Subset Sum / Bitset: 356D
While the problem itself is NP-hard, we can use bitset to squeeze the DP solution. To recover the solution, we can record the first item that make sum $j$ available, which can also be done by using bitset.

Constructive Algorithm: 1225F
Sometimes, when dealing with such problems like “finding the maximum answer”, it will be helpful to try to find a upper bound for the answer and show it is always achievable.

While doing brute force transition is too slow, we can just match as long as possible (i.e. longest common prefix) if we do match in a transition. Then the solution will work in $O(n \cdot k)$ after preprocessing LCP and RMQ array.
Consider a (cyclic) sequence where the next number of each number is $(x + d) \text{ mod } m$, where $x$ is the current number and $d, m$ is fixed.
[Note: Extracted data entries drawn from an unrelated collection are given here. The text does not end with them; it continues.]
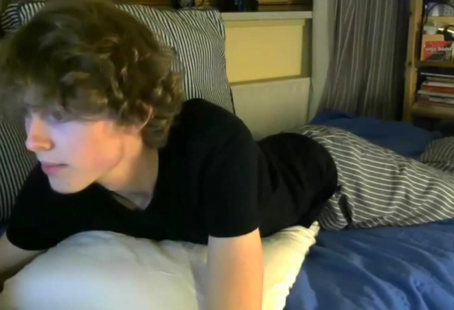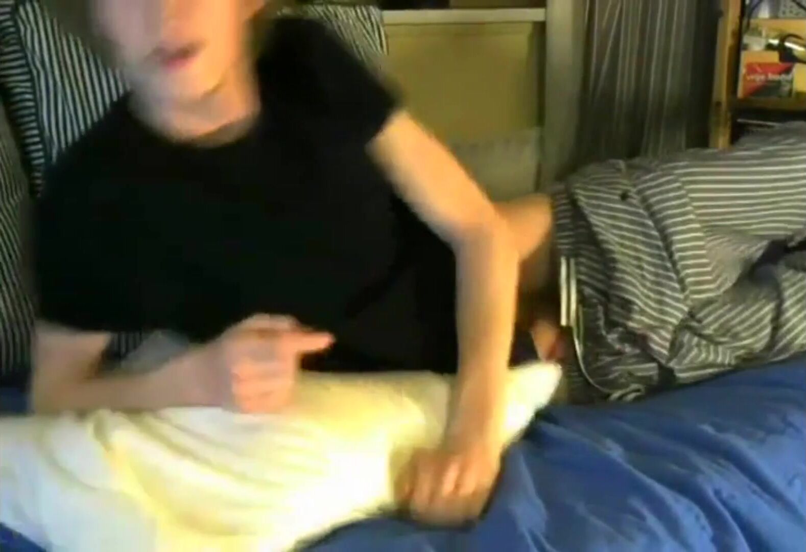 Watch as Cute Camboy pleasures himself with a massive cock while lying on his bed ...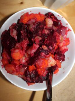 Stek morötter, potatis, lök och pressade vitlöksklyftor i en stekpanna på medelhög värme. Ha i salt och låt stå i fem minuter. Ha i rödbetorna och stek sedan på till allt har blivit mjukt. Rör om med jämna mellanrum.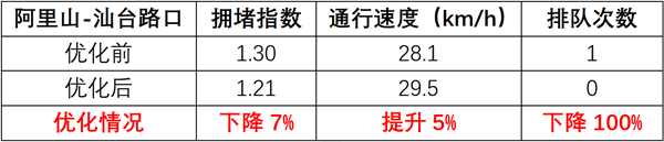調(diào)整后,北進(jìn)口左轉(zhuǎn)通行能力提升54% ,直行下降6.7%;路口整體通行效率提升23.6%。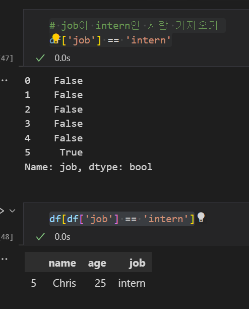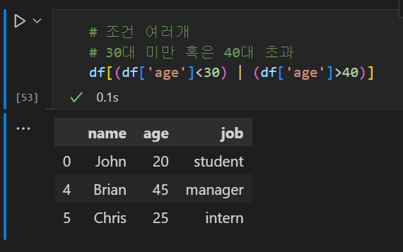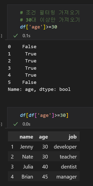 # df['age']>=30의 경우엔 불린형태로 가져옴
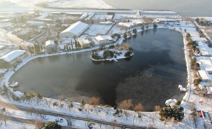 Kocaeli’de 5 gündür süren yoğun kar yağışının durması sonrasında hava sıcaklığı -4 derecelere kadar geriledi. Kar yağışının etkisini kaybetmesinin ardından düşen hava sıcaklığı beraberinde buzlanmayı da getirdi. -4 dereceye kadar inen sıcaklık sonrasında kent genelinde buz tutan kaldırımlarda vatandaşlar güçlükle yürümeye çalışırken, İzmit Fuar alanında bulunan kalp şeklindeki gölet ise buz tuttu. Buzlarla kaplanan göletin yüzeyinde martı ve göçmen kuşlar ise yiyecek aramaya başladı. Buz turan kalp şeklindeki İzmit Fuar Göletinin seyir zevki oluşturan görüntüsü ise havadan görüntülendi.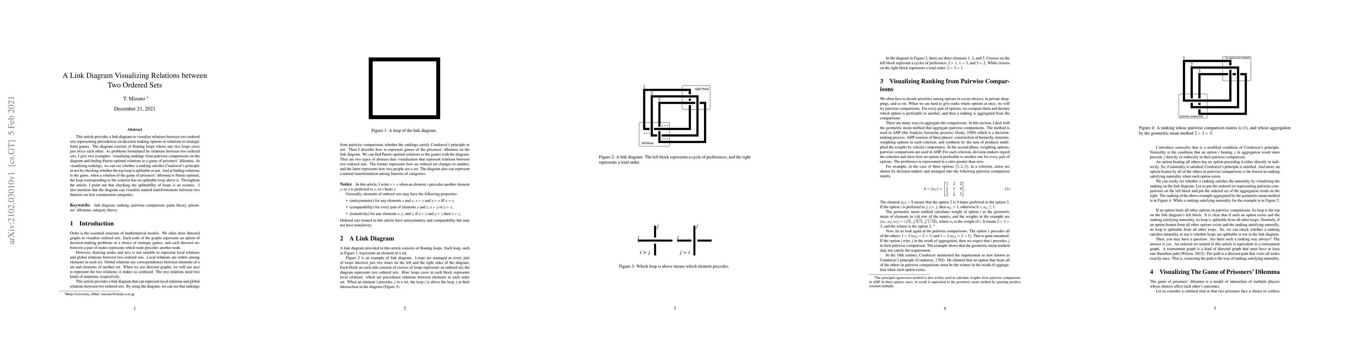 This article provides a link diagram to visualize relations between two ordered sets representing precedences on decision-making options or solutions to strategic form games. The diagram consists of floating loops whose any two loops cross just twice each other. As problems formulated by relations between two ordered sets, I give two examples: visualizing rankings from pairwise comparisons on the diagram and finding Pareto optimal solutions to a game of prisoners' dilemma. At visualizing rankings, we can see whether a ranking satisfies Condorcet's principle or not by checking whether the top loop is splittable or not. And at finding solutions to the game, when a solution of the game of prisoners' dilemma is Pareto optimal, the loop corresponding to the solution has no splittable loop above it. Throughout the article, I point out that checking the splittability of loops is an essence. I also mention that the diagram can visualize natural transformations between two functors on free construction categories.
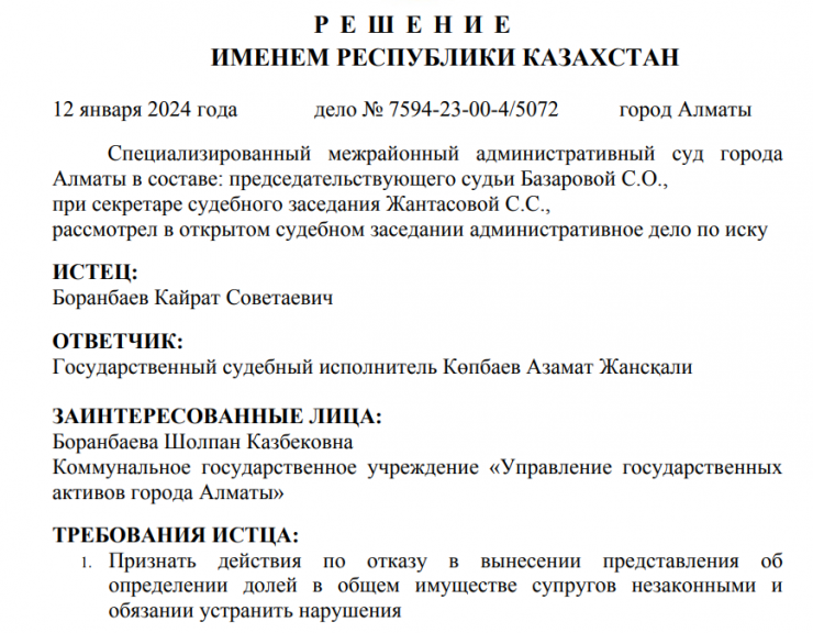 Как следует из судебных материалов, государственный судисполнитель отказался выносить представление об определении доли в общем имуществе Кайрата Боранбаева и его супруги Шолпан. Бизнесмен подал иск в суд, в котором потребовал признать такие действия незаконными и устранить нарушение его прав.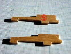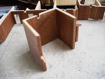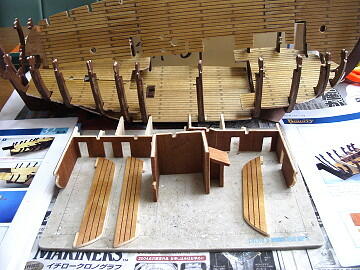 船室や仕切壁はブロックごとに完成させて、組み込むというのがゴマフ風の組み立て方法である。こうすると同じ作業 が一気に出来るので時間のロスがない。ニスは木目を生かすため透明のニスを使用している。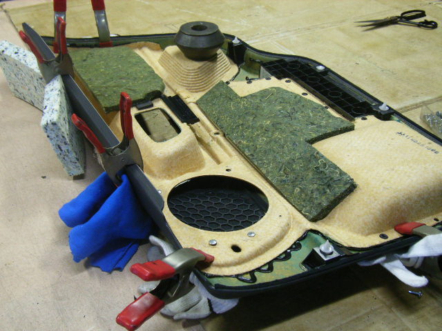純正は表面のレザーの下にウレタンが入っておりますが、同じようにウレタンを入れるのは無理ですから、ウレタンの厚み分を 10ミリのバックアップ材を半切りにした物を4方端に接着すると 画像のように隙間が無くなります。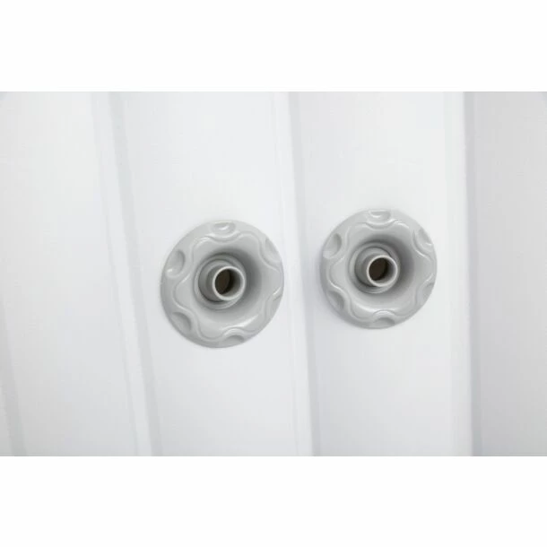 De wanden van de spa zijn gemaakt met DuraPlus. DuraPlus is een drielaags, stevig materiaal dat PVC combineert met polyester gaas voor superieure sterkte, duurzaamheid en lekbestendigheid en biedt bescherming tegen blootstelling aan Uv-stralen.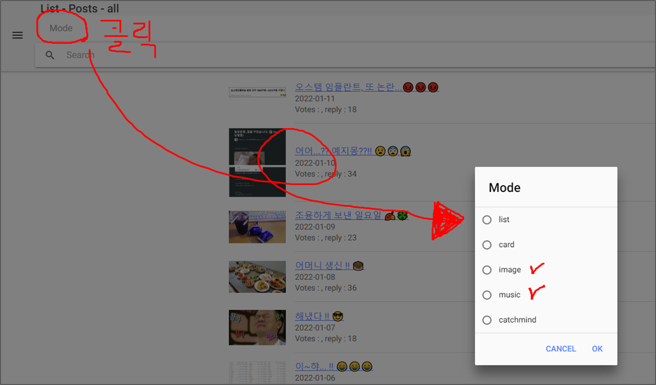 바로, 사진들만 모아보기 / 음악들만 모아보기 이다.
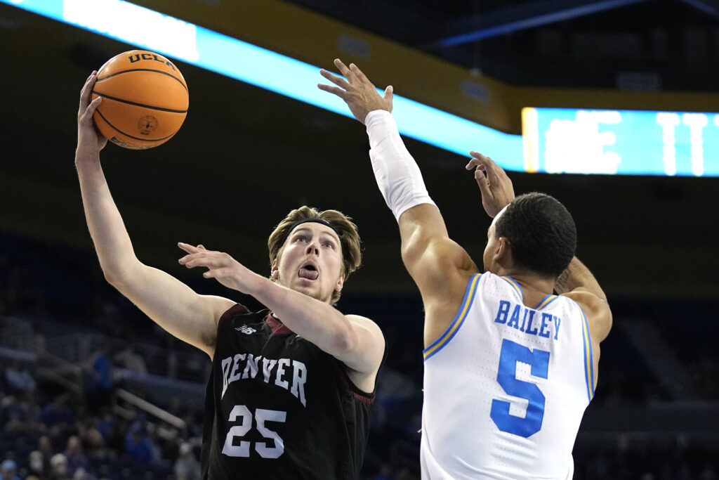 Denver forward Touko Tainamo, left, shoots as UCLA guard Amari Bailey defends during the first half of an NCAA college basketball game Saturday, Dec. 10, 2022, in Los Angeles. (AP File Photo/Mark J. Terrill)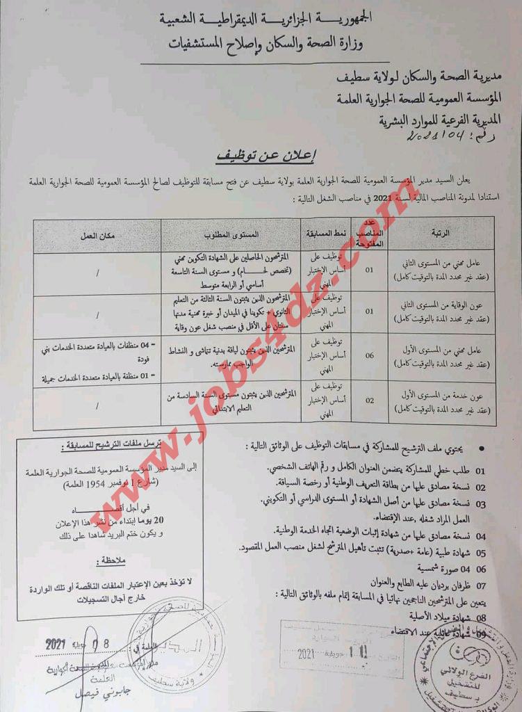 يعلن مدير المؤسسة العمومية للصحة الجوارية العلمة بولاية سطيف عن فتح مسابقة للتوظيف لصالح المؤسسة العمومية للصحة الجوارية العلمة في المناصب الشغل التالية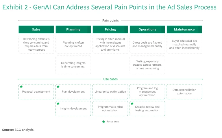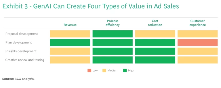 Get started. For many ad sales executives, generative AI can understandably seem daunting in face of other challenges. But inaction is not an option. Start with high-value short-term uses cases that can quickly demonstrate value before moving on to more ambitious cases. The opportunity to lower costs, improve efficiency, and provide customers a higher level of service should be cause for action and even optimism.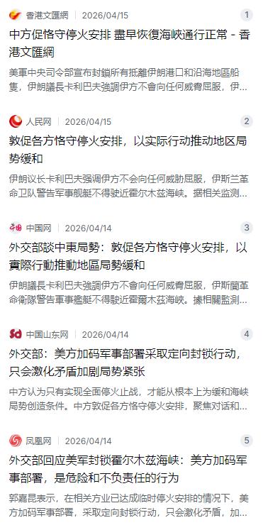 到了4月14日,中方的态度更进一步升级。当天外交部例行记者会上,有记者问到美军封锁霍尔木兹海峡的具体情况,郭嘉昆的回答非常明确。他表示,在相关方已经达成临时停火安排的情况下,美方加码军事部署,采取定向封锁行动,只会激化矛盾,加剧局势紧张,破坏本就脆弱的停火局面,并进一步冲击海峡通行安全。他直接给美国的行为定了性:这是危险和不负责任的行为。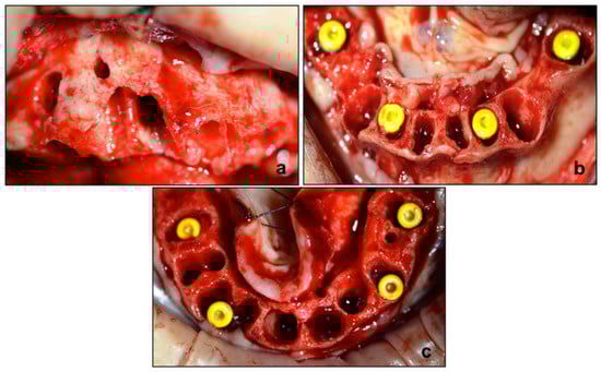 Intraoperative procedure. (a) Site preparation for Guided Bone Regeneration procedure and Max Stability implants positioned in the upper (b) and lower (c) jaw.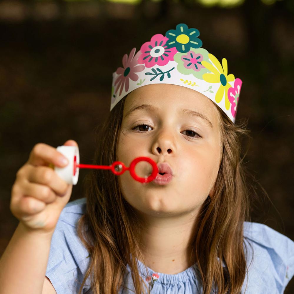 Lisää juhliin värikäs säväys näillä vaaleanpunaisilla, kukkakuvioiduilla paperikruunuilla. Ne ovat säädettävissä täydellisen istuvuuden takaamiseksi ja sopivat mainiosti juhlakruunuiksi kukkateemaisiin juhliin. Ne ovat juhlava lisä juhlatilpehööreihisi.

Then the answer we want is exactly a segment on this cyclic sequence. Then if $n \leq \frac{m}{2}$, we can see the difference $d$ of a two arbitrary numbers will appear $n – cnt$ times, where $cnt$ is the number of numbers between those two. If $n > \frac{m}{2}$, we can the complement and do the same thing.
We try to do fast queries (of sum of values at positions of values of at most $k$) and update (for adding $+1$ or $-1$ to a interval) in a data structure that stores the DP values.
To do this we can do square root decompostion, where in each block we store the count of a each number and a offset to support fast update. This will cost $O(n \sqrt{n})$ for space (which is a little tight) and time.
To save more space, we can observe that the absolute difference in each block can be at most $\sqrt{n}$. Therefore, we can just store a prefix sum of a certain range of values, which reduces the space complexity to $O(n)$.